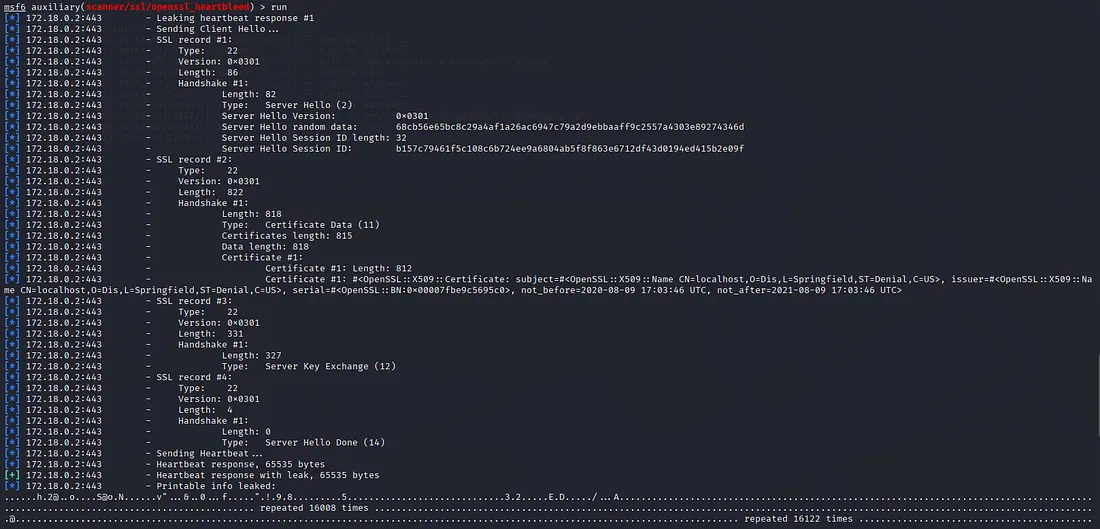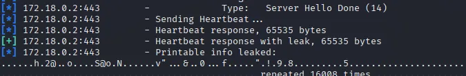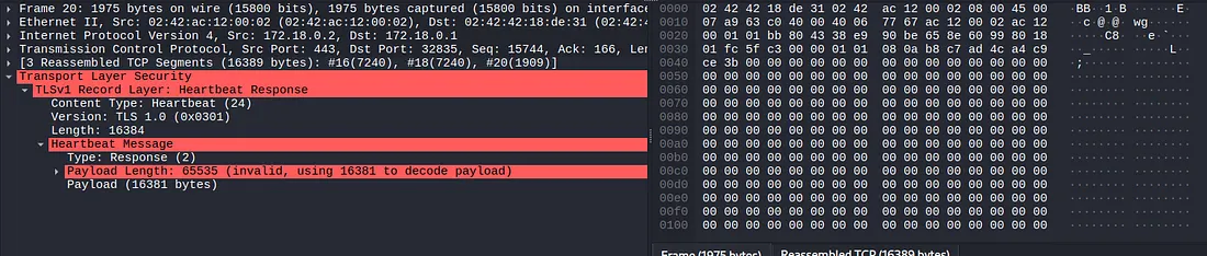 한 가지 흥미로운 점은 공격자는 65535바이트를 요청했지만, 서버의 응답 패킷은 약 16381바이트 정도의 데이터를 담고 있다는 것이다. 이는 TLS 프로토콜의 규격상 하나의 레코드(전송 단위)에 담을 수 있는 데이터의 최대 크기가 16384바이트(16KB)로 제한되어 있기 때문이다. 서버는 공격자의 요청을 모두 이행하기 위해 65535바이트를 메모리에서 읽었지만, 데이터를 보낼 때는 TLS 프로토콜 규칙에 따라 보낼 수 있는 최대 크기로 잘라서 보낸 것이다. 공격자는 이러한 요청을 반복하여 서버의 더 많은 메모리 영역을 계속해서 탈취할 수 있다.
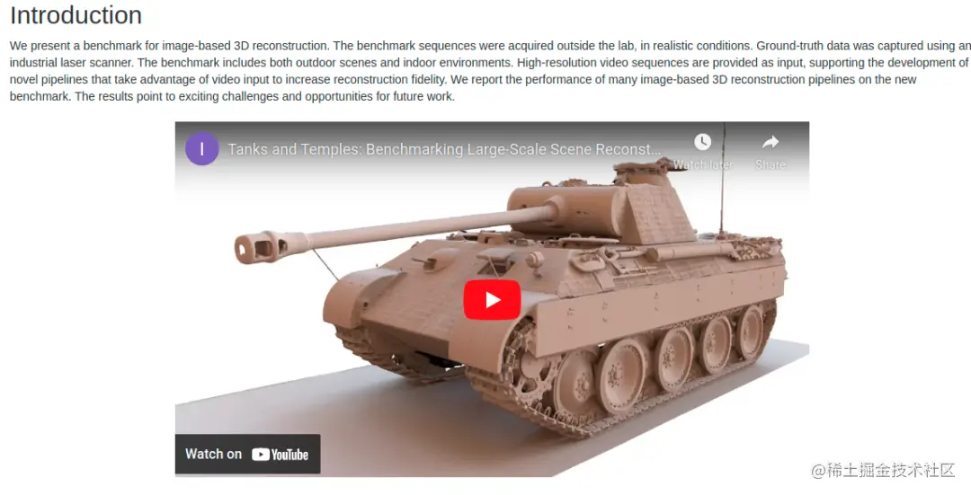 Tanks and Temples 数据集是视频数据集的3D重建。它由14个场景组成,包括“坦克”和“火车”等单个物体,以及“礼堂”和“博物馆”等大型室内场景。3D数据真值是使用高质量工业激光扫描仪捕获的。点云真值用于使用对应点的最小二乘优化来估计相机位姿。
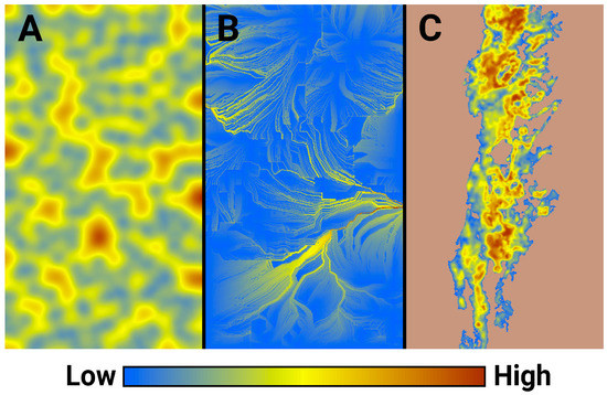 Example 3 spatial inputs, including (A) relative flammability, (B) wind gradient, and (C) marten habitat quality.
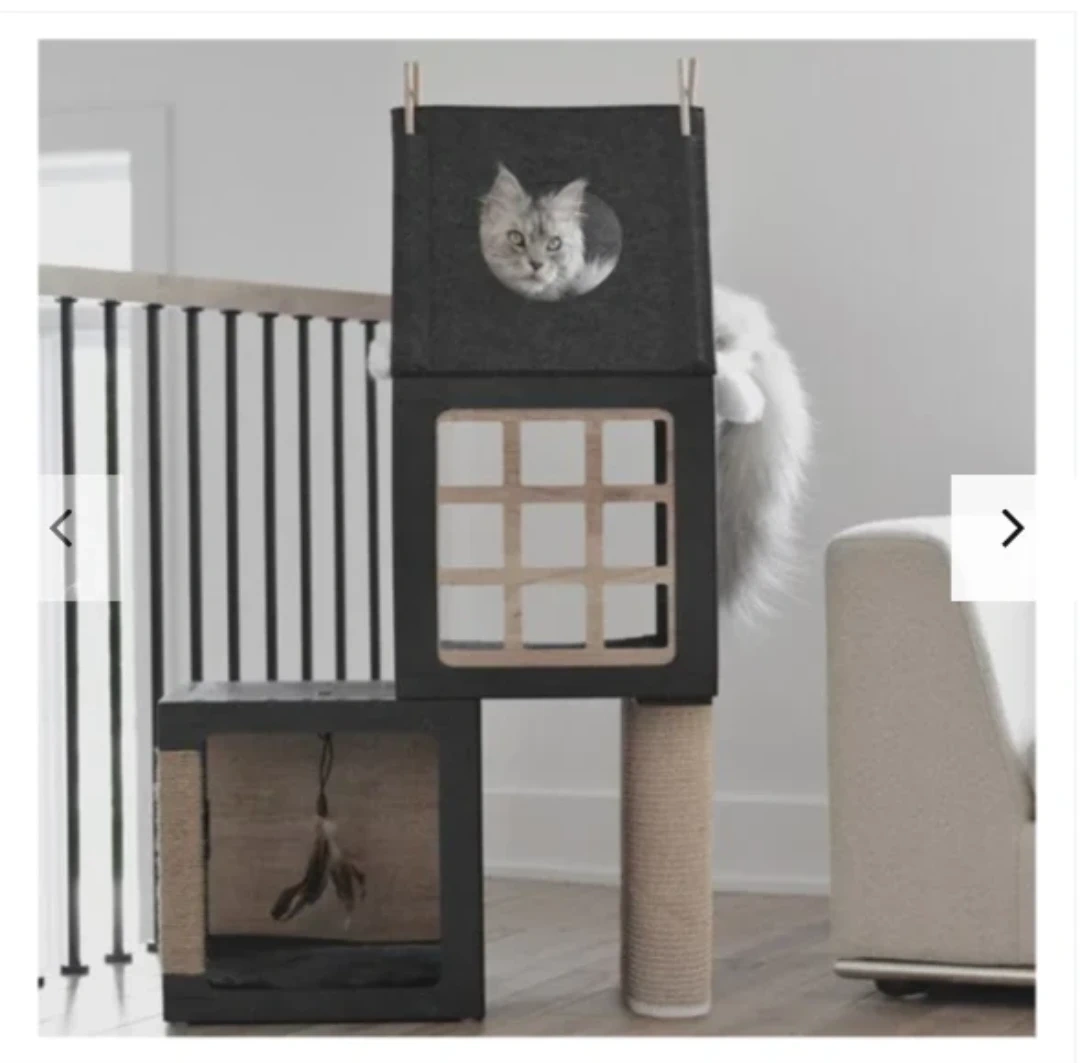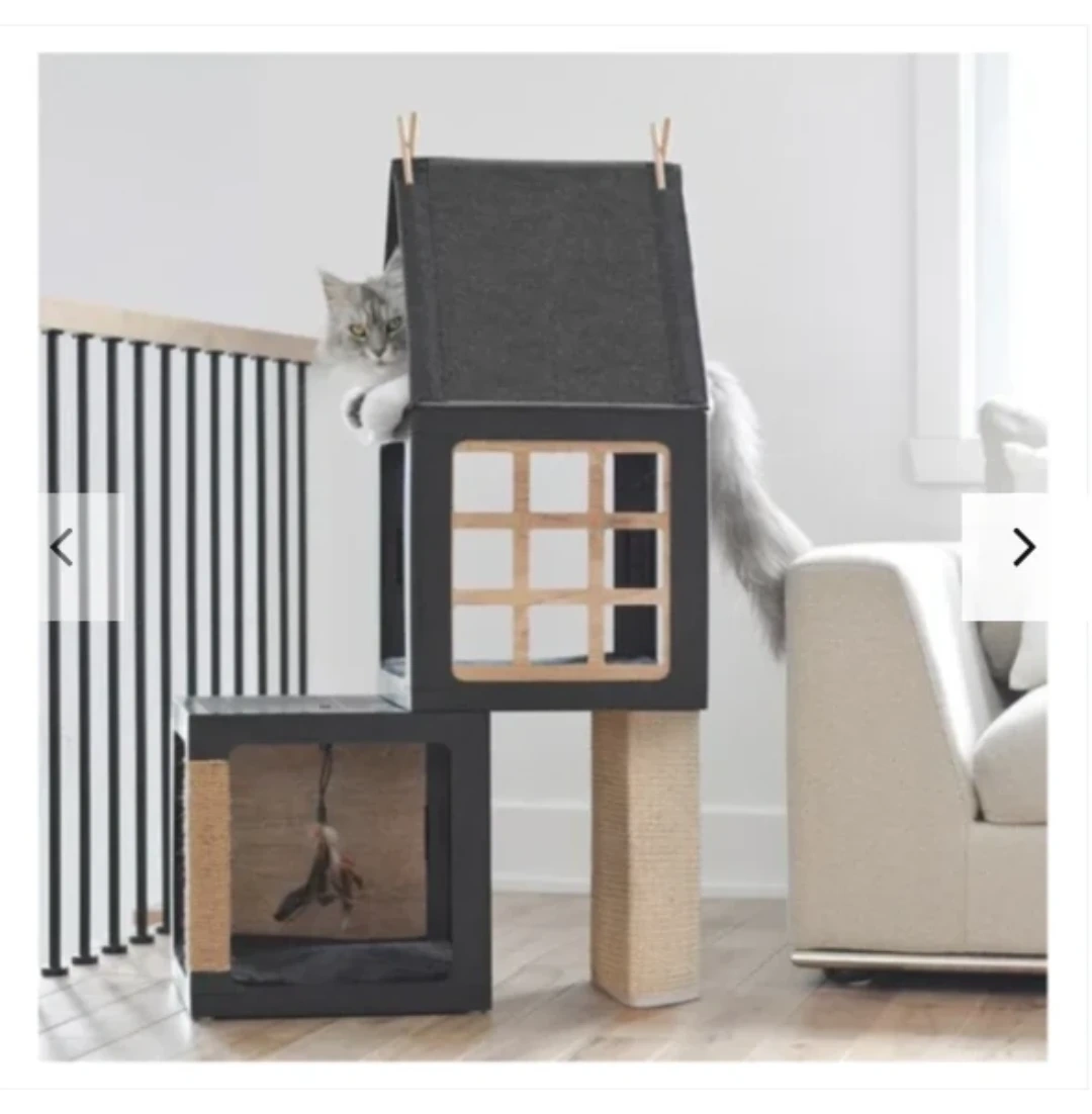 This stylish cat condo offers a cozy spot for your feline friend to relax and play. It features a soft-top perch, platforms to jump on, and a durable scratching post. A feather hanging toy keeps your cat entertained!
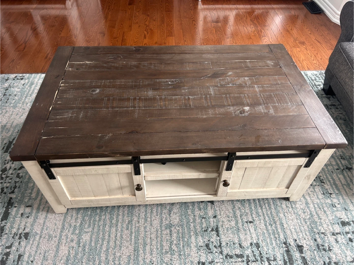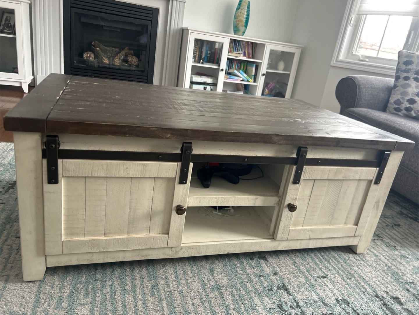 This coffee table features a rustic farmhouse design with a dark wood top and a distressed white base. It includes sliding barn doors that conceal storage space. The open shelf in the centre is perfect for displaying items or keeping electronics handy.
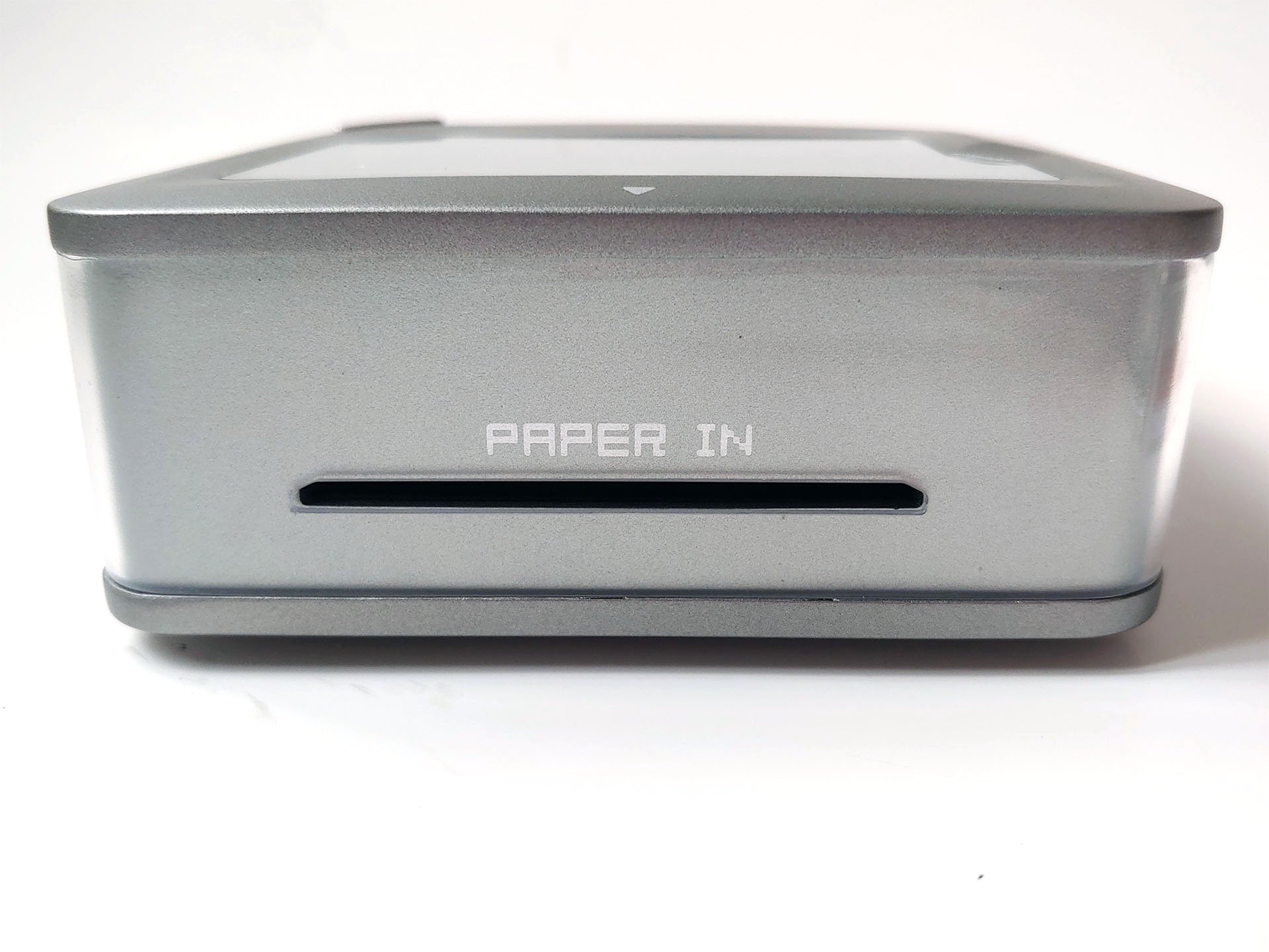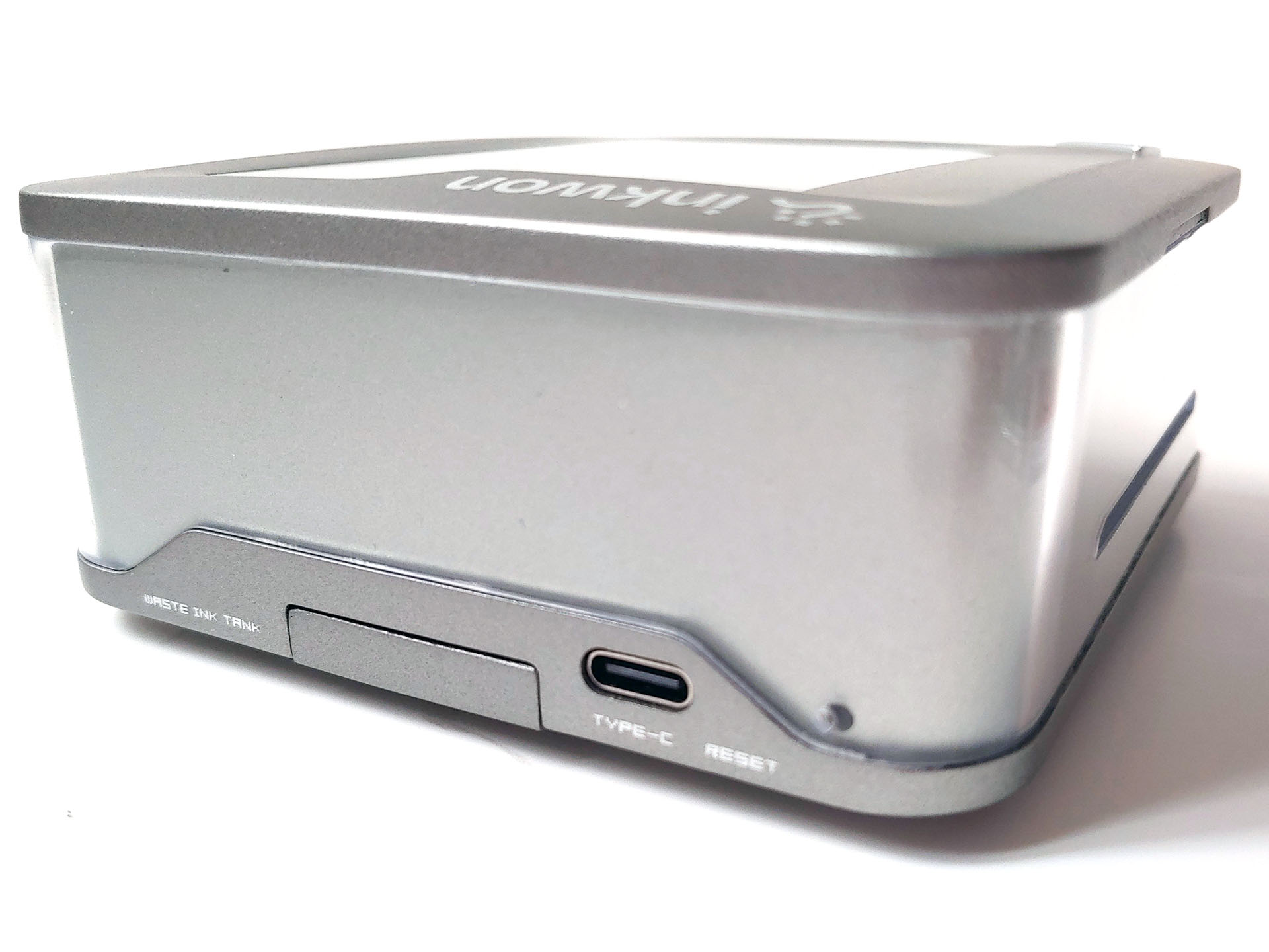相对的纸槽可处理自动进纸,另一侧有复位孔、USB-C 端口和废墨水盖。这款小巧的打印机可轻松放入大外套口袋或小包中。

* [TASK ITEM]
Output each record verbatim and leave out its pictures.

* [EXERCISE OUTPUT]
 한 가지 흥미로운 점은 공격자는 65535바이트를 요청했지만, 서버의 응답 패킷은 약 16381바이트 정도의 데이터를 담고 있다는 것이다. 이는 TLS 프로토콜의 규격상 하나의 레코드(전송 단위)에 담을 수 있는 데이터의 최대 크기가 16384바이트(16KB)로 제한되어 있기 때문이다. 서버는 공격자의 요청을 모두 이행하기 위해 65535바이트를 메모리에서 읽었지만, 데이터를 보낼 때는 TLS 프로토콜 규칙에 따라 보낼 수 있는 최대 크기로 잘라서 보낸 것이다. 공격자는 이러한 요청을 반복하여 서버의 더 많은 메모리 영역을 계속해서 탈취할 수 있다.
 Tanks and Temples 数据集是视频数据集的3D重建。它由14个场景组成,包括“坦克”和“火车”等单个物体,以及“礼堂”和“博物馆”等大型室内场景。3D数据真值是使用高质量工业激光扫描仪捕获的。点云真值用于使用对应点的最小二乘优化来估计相机位姿。
 Example 3 spatial inputs, including (A) relative flammability, (B) wind gradient, and (C) marten habitat quality.
 This stylish cat condo offers a cozy spot for your feline friend to relax and play. It features a soft-top perch, platforms to jump on, and a durable scratching post. A feather hanging toy keeps your cat entertained!
 This coffee table features a rustic farmhouse design with a dark wood top and a distressed white base. It includes sliding barn doors that conceal storage space. The open shelf in the centre is perfect for displaying items or keeping electronics handy.
相对的纸槽可处理自动进纸,另一侧有复位孔、USB-C 端口和废墨水盖。这款小巧的打印机可轻松放入大外套口袋或小包中。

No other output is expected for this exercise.